Notebook

Learning Strategies¶

git: https://github.com/JuliaML/LearningStrategies.jl

Index¶

Summary of package and functionalities
How a _learning strategy_ works
Combining _learning strategies_
How data is handled in the default structure

__Examples:__

Building a simple maximum finder (model with no data)
Building a K-means algorithm (model with data)
Making a custom meta-strategy
List and examples of built-in functions

Summary¶

Through the JuliaML Learn.jl and LearningStrategies.jl, a framework was built allowing the simple implementation of new algorithms and learning strategies, and making it extremely simple to combine multiple strategies together.

A strategy here is simply defined as a way for the user to tell how a model (stored as a struct) is setup, trained and updated. This idea stems from the very similar pseudocode most learning algorithms operate with, which is:

# Learning a model involves a model, a strategy and (not necessary) some data    
function learn!(model, strat::LearningStrategy, data)   
    # We set up the model, can be preparing arrays for training, doing some preprocessing
    setup!(strat, model[, data])           

    # Using the "repeated" function  on your data allows it to replicate it infinitely
    for (i, item) in enumerate(data)                    

        # Update the model according to the strategy(-ies) and the data  
        update!(model, strat[, i], item) 

        # Allows to record information or generally "hook in" the process. Should NOT modify in place
        hook(strat, model[, data], i)    

        # Checks if the finishing condition has been reached
        finished(strat, model[, data], i) && break      
    end

    # Clean up after yourself
    cleanup!(strat, model) 

    # Return the trained model
    model                                               
end

Which can be translated as setup, iterate over data until some end condition is met, and clean up. In addition, a conventional extra function which can (and should) be defined if your model is predictive, is predict(), which should be imported from StatsBase. The pseudocode is as follows

function predict(model, data)
    # Make predictions
end

LearningStrategy¶

A LearningStrategy is simply a struct which extends LearningStrategy. A strategy needs not contain any variable, all that is required is that at least one of the following functions is defined:

setup!(strat, model, data)
cleanup!(strat, model)
hook(strat, model, i)
finished(strat, model, data, i)
update!(model, strat, item)

Keep in mind of course that if only the hook function is defined for a generic strategy StrategyA, and this is the only strategy given for learning, the model will.. not learn anything!

This architecture makes it extremely simple for user wanting to write his own learning algorithm to add methods as they come without need further planning. For instance, suppose one strats off by just implementing and SGD() optimizer, then all that would be required is to define the structure

struct SGD() <:LearningStrategy end

and then implement the actual optimization by defining a function update!(model, strategy::SGD). Later on, if the same user or another wants to implement AdaProx optimizer, they can simply add a new function update!(model, strategy::AdaProx).
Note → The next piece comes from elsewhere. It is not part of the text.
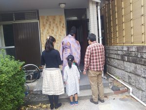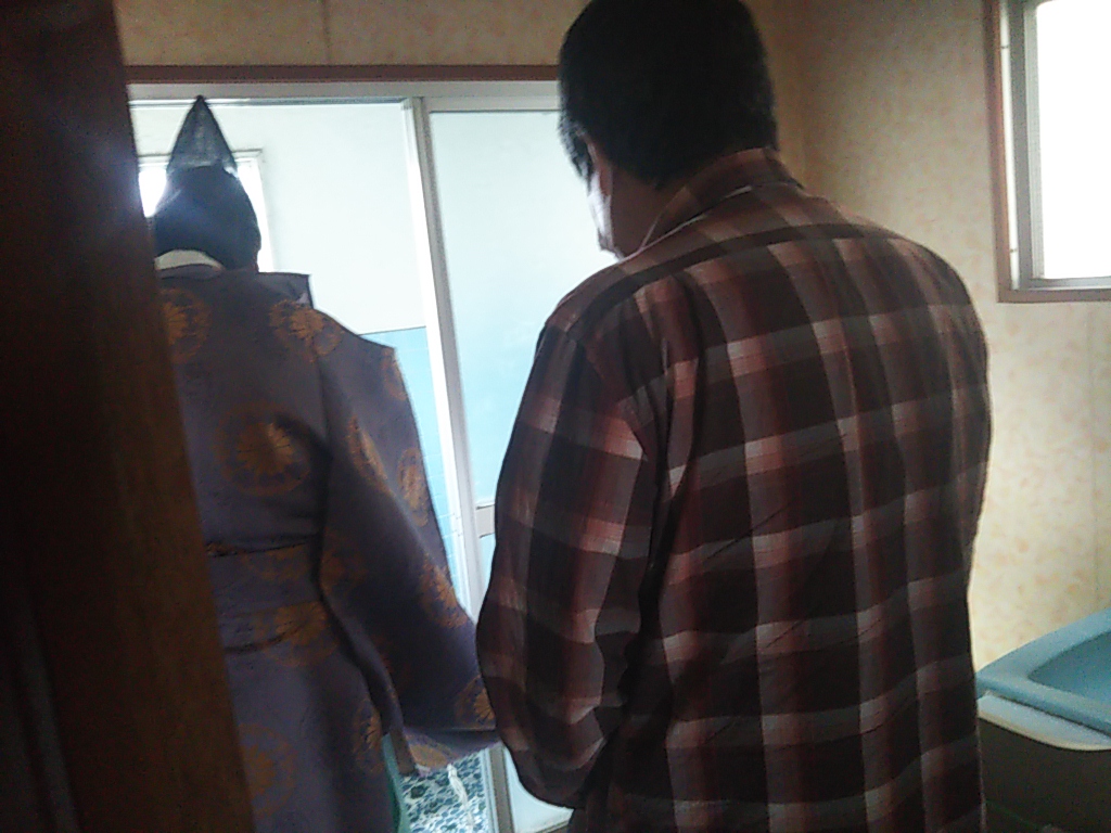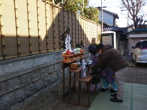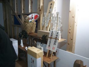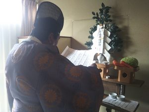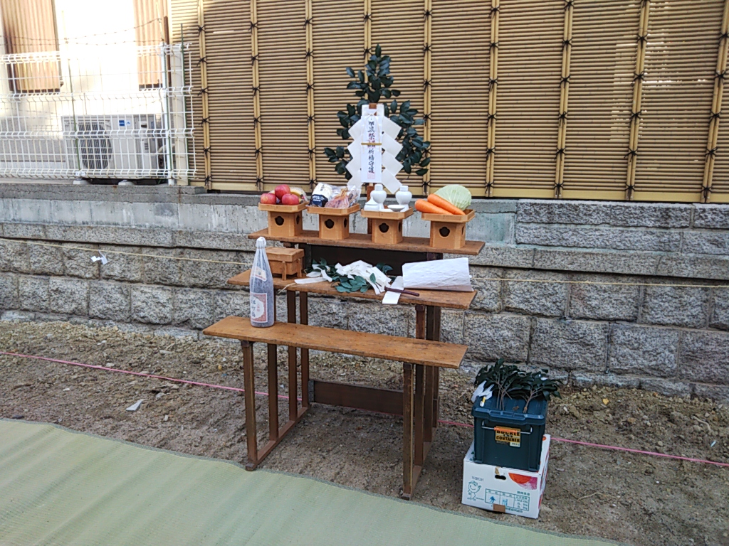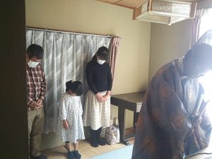 既設住宅の解体前のお祓いを行いました。屋内の一室で行いますのでそこまで広くはありませんが、祭壇やお供え物を設置してお祓いが始まります。

It is not even required to explicitely wirte a learn! function if all you need is the update!, simply use the call

learn!(model, SGD(), data)

and Julia will handle the "missing" functions (by simply skipping them) and will make the call to the update you defined.

Note: the data (and i)parameter is not actually required, all the base functions are defined with both data and no data argument

Meta-Strategy¶

One extremely powerful feature that this framework offers is the combination of strategies. For instance, while only one strategy will tell the model how to train and update for each iteration, extra strategies which only give side indications can be very easily used. For instance, one of the built-in strategies is MaxIter(n=100) which, if given in conjuction to a laerning strategy for any model, will overload the finished function, and will do its own check as to whether the algorithm is indeed over. A simple use would be:

learn!(MyModel(), strategies( MyLearningStrategy(), MaxIter(20) ), MyData )
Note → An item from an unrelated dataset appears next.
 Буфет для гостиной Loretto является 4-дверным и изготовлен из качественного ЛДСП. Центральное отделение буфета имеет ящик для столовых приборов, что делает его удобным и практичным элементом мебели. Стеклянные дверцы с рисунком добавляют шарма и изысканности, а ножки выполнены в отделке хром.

In this way, the learning process will end after 20 iterations, even if the conditions for finished() given by the MyLearningStrategy are not met (only one finished condition needs to be met for the learning to stop)

This means that if you develop your own learning model, you do not need to also add all this "side functionalities"! How great is that!

Passing data¶

Different algorithms use data differently. Some iterate over each element, while other take batches and so on.

The base code uses this loop: for (i, item) in enumerate(data). This implies the data supplied for training is an iterable. This is often not really the case, for instance a matrix, although technically iterable, will be enumerated by element, instead of by row or column which is the more natural way.

Two solutions are therefore proposed;

The first is to pass a repeated matrix using Base.Iterators.repeated, which will basically make every "item" a copy of the initial matrix. This is simply used as repeated(matrix).

The other is to do some preprocessing, possibly using the setup! function or in some other way. It would be, for example, possible to make a row iterator, in the case of a row-majored matrix.

Sample Codes¶

Making a simple maximum finder (No data)¶

Below I will show a and explain a code to make a simple (and not very good..) maximum finder! The idea is this: the model will simply include a starting point (2D space), and a heuristic function that is being maximised by a (bad) strategy.

First thing first, since we're going to be implementing learn!, update! and finished, we need to export them from the base package

In [1]:

using Plots
using LearningStrategies
import LearningStrategies: setup!, learn!, update!, finished, hook

import StatsBase: predict
import Base.Iterators: repeated

Now we define the model. It contains 4 attributes, one of which is a generic function. x & y are the starting points, and z will just keep track of the current "height" (i.e. score) in the solution space. The heuristic is the function to be optimised

In [2]:

mutable struct HillClimber
    x::Float64
    y::Float64
    z::Float64
    heuristic::Function
end

Then, we define our learning strategy structure. Since this strategy doesn't require any attributes, its definition is trivial.

In [3]:

struct SillyOptimizer <: LearningStrategy end

Finally we start the actual strategy building.

In [4]:

function update!(model::HillClimber, s::SillyOptimizer)
    # Generate 4 random direction vectors
    choices = rand((4,2))-0.5

    # Normalizes to unit step size
    choices ./= abs.(sum(choices,2))

    # Test the locations
    heights = [heuristic(choices[i,:]+[model.x,model.y]) for i in 1:size(choices,1)]
    
    # Keep the best
    (model.z, best) = findmax(heights)
    
    # Change current coordinates
    model.x += choices[best,1]
    model.y += choices[best,2]
end

# Stop after first iteration
finished(s::SillyOptimizer, model) = true

Out[4]:

finished (generic function with 13 methods)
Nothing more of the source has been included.